Şehirlerin hep batıya doğru geliştiği maddi bir gerçek. Ancak bazı sosyal gelişmeler diğer bölgelerin bu kaderini yıkabiliyor. Örneğin son yıllarda artık başka semtlerin de yatırım yapılır hale geldiğini görüyoruz. Bunun için sosyal donatı alanlarının ve insanların ihtiyaçlarını giderecek sosyal, kültürel, çevresel mekanların her semte eşit olarak yayılması çok önemli.

Evinizi dekore ederken gözettiğiniz olmazsa olmazlar nelerdir?

Boyanmamış, işlenmemiş doğal ahşap malzemeler her zaman tercihimdir. Ayrıca evi eşya ile doldurmak yerine ferahça yaşayabileceğiniz ve renk uyumu olan eşyaların kullanıldığı bir mekanı tercih ederim.
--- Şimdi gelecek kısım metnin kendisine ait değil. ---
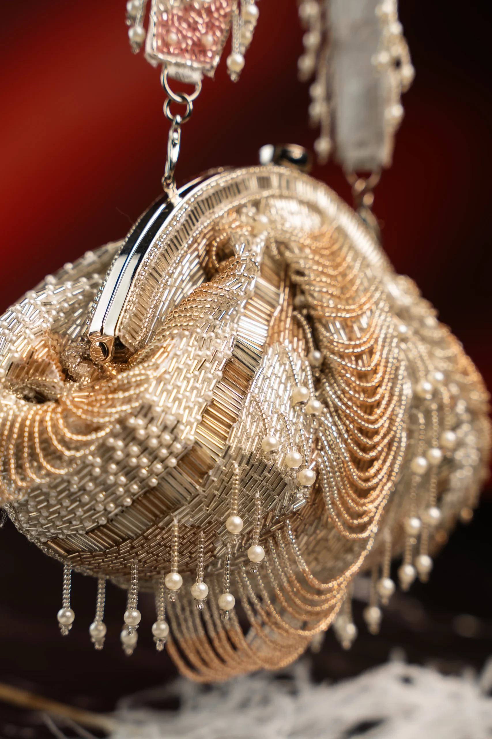 Introducing the Silver & Rose Gold Scallop Beaded Clutch, an elegant accessory designed to add a hint of shimmer to your evening look. Featuring delicate scallop detailing in luminous silver accented with soft rose gold tones, it is adorned with subtle beaded tassels and pearls for a graceful finish. The removable pearly beaded handle allows versatile styling as a clutch or potli. Finished with intricate sequin and beadwork, this piece is perfect for weddings, celebrations, and stylish night outings.

Moda gelir geçer. Sizin evinizde her daim görmekten hoşlandığınız parçalar nelerdir?

Tablolarım… Kütüphanem…

Konut satın alma kararında kadın olarak etkili olduğunuzu düşünüyor musunuz?

Elbette. Konutlar daha çok kadınların yaşam alanı. Onun için tercihinin önemli olduğunu düşünüyorum.